Весть о том, что Степан Александрович собирается на войну, изумила — больше — потрясла всех его знакомых. От матери скрывали. Не было барышни или дамы, которая бы не связала ему тёплого исподнего платья, так что Степан Александрович, если бы захотел, мог бы открыть лавочку трикотажных изделий. Какая-то из барышень даже подарила ему перевязочный комплект, но уж это ни к чему. Человека, едущего навстречу такой опасности, надо всемерно ободрять, а не напоминать ему о бренности его тела. Один знакомый композитор написал даже марш «Mit Bewunderung Lososinoff gewidmet»[2] Дальний родственник — разбитый параличом севастопольский герой — прислал Степану Александровичу кисет, на котором бисером вышито было «Пли!». Словом, ликование было полнейшее, и можно сказать, что ореол героизма уже вспыхнул вокруг головы Степана Александровича. Ходили слухи, что он уже уехал, что его видели на вокзале в полном вооружении, кто-то утверждал даже, что он уже убит. Однако все это никак не соответствовало действительному ходу событий, ибо Степан Александрович продолжал жить в Москве. Неизвестно, что его задерживало. По одной версии он никак не мог разузнать точно, где принимается запись добровольцев, по другой — он был забракован врачебной комиссией вследствие отсутствия какого-то очень важного органа, чуть ли не селезёнки. Последняя версия, разумеется, неверна, ибо отсутствие какого-нибудь органа не может служить препятствием. Наоборот. Чем меньше у воина органов, тем воин, так сказать, неуязвимее. Но факт остаётся фактом. Степан Александрович продолжал жить в Москве. Ближайшие друзья стали к тому же замечать в его поведении нечто весьма странное и даже загадочное.
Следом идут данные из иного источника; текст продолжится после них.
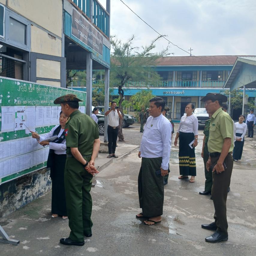 တက္ကသိုလ်ဝင်စာမေးပွဲပြန်လည်ဖြေဆိုမည့် ကျောင်းများအား ကာကွယ်ရေးဝန်ကြီးဌာနမှ ဒုတိယဗိုလ်ချုပ်ကြီး မျိုးမိုးအောင်နှင့်တာဝန်ရှိသူများ၊ ချမ်းအေးသာစံမြို့နယ်၊ မြို့နယ်အထွေထွေအုပ်ချုပ်ရေးမှူး ဦးထွန်းထွန်းဝင်း၊ မြို့နယ်စီမံအုပ်ချုပ်ရေးအဖွဲ့ဝင်(၁) ဗိုလ်မှူး အေးလင်းထွန်း၊ တိုင်းပညာရေးမှူးရုံးမှ ညွှန်ကြားရေးမှူး ဉီးအောင်ဆွေဉီး မဟာအောင်မြေခရိုင် ပညာရေးမှူး ဒေါက်တာသက်လှစု မြို့နယ်ပညာရေးမှူး ဒေါ်ဝါဝါကျော်၊ မန္တလေးမြို့တော်စည်ပင်မှ ဦးစီးမှူး ဦးလင်းဝင်းထွန်းတို့သည် Grade -12 စာမေးပွဲဖြေဆိုမည့် ပြင်ဆင်ထားမှုအခြေနေများအား ကြည့်ရှူခဲ့ပြီး လိုအပ်ချက်များအား ညွှန်ကြားခဲ့သည်။

Вот что говорил по этому поводу его закадычный друг Пантюша Соврищев.
«Сидим это мы однажды в ресторане „Пассаж“, едим, как сейчас помню, селёдку с гарнирчиком и слушаем гимны. И вдруг, можете себе представить, Лососинов забирает всю селёдку в кулак, отворачивается и шварк её мне прямо в морду. Такая сволочь! И ведь пьян, заметьте, не был. Я, конечно, разозлился, как налим, хотел его тут же при всех изувечить. Вытираю лицо салфеткой, а он поглядывает на меня не то с любовью, не то с сожалением. „Прости меня, — говорит, — Пантюша, но когда-нибудь ты поймёшь, для чего это я сделал, и не только не будешь на меня сердиться, а может быть, скажешь, что и жить-то тебе на свете стоило лишь для того, чтоб Лососинов запустил в тебя селёдкой“. Я с ним потом целую неделю не разговаривал. Ни за что бы не помирился, если бы он мне Пумку свою не уступил. Помните, была такая у Мюра продавщица — почти без юбки и глаза задёрнуты пеленою сладострастия. Только на ней и помирились».
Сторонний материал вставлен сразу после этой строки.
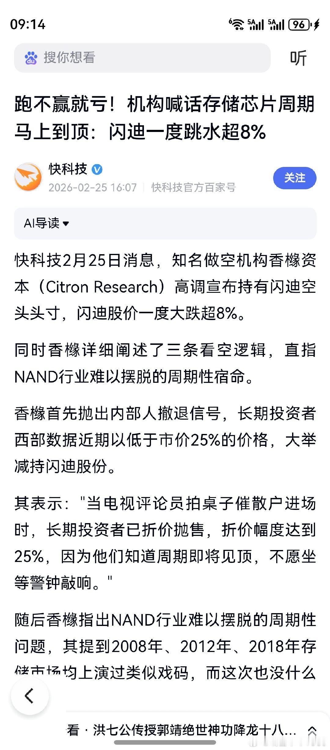 闪迪股价,累计涨幅非常大了。后市调整为正常,创新高反而是奇迹。存储芯片紧缺,会拉
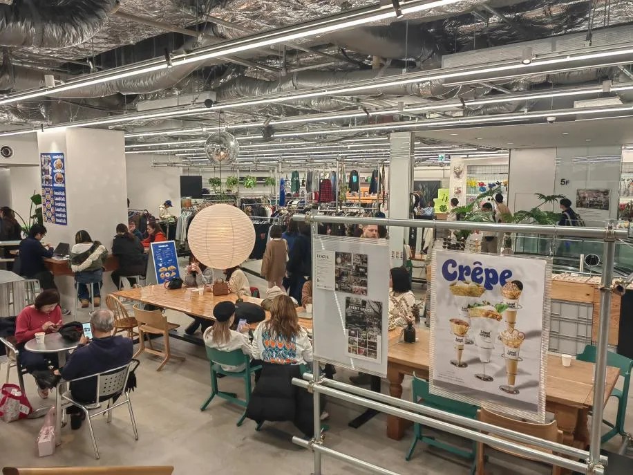 在東京的一座Tokyu Plaza中,就見到其舍棄半層經(jīng)營(yíng)面積,打造出公共休閑空間。當(dāng)然,所謂“舍棄”也并非完全屏蔽零售商品售賣,只是有取舍地將更能豐富消費(fèi)者游逛體驗(yàn)的特定零售品類包羅其中。這些商品或品牌的陳列更像是美陳道具,沒有出跳的展柜與收銀臺(tái),總能讓進(jìn)場(chǎng)顧客在不經(jīng)意間隨手拿起挑選。

Другая странность в поведении Степана Александровича состояла в том, что он, идя по улице или сидя дома, внезапно оборачивался назад с такой стремительностью, что однажды чуть не свернул себе шею. Он же однажды, закрыв глаза, хотел броситься под велосипед, как бы желая покончить с собой. К счастью, его удержали.
…Как все матери, госпожа Лососинова ничего не замечала. Война её не так уже заботила, ибо Степан Александрович пользовался отсрочкой, а к тому же сахарный завод, коего пайщицей состояла госпожа Лососинова, как-то с войной заработал резвее и дал вместо десяти годовых двенадцать.
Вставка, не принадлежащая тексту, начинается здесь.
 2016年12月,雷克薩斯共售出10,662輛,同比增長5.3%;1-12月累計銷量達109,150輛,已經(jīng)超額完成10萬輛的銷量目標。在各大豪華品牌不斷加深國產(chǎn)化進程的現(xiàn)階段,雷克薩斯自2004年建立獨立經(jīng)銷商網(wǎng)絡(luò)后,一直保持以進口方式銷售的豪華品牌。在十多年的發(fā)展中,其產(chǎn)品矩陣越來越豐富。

Было это ранней весной тысяча девятьсот шестнадцатого года — «года самого скверного», как все полагали. Так думали потому, что тогда ещё не пережиты были года последующие. И все-таки хромый был год.
Госпожа Лососинова сидела однажды вечером в своей комнате, размышляя, отчего бы могла погаснуть неугасимая лампада: кошка ли дверью хлопнула, святой ли в обиде на неё за нерадение? А как радеть, когда столько хлопотливых сует и слухи такие ходят, что каждый слух — лишний седой волос. И спичек-де не будет, и перцем запасайтесь. А солдаты будто сказали: «Кончим с немцами воевать — ружей не сложим». Неужто опять, как в девятьсот пятом, Москву из пулемёта горошить? И вот — постель в комнате полуторная из дуба с пятью подушками — верхняя словно для булавок — а интереса к уюту нет. Кажется, прежде в такой дождливый вечерок пораньше спать лечь, снов дождичком нагонять, а теперь и не до сна. И все же решила госпожа Лососинова, приняв лакрицы, лечь.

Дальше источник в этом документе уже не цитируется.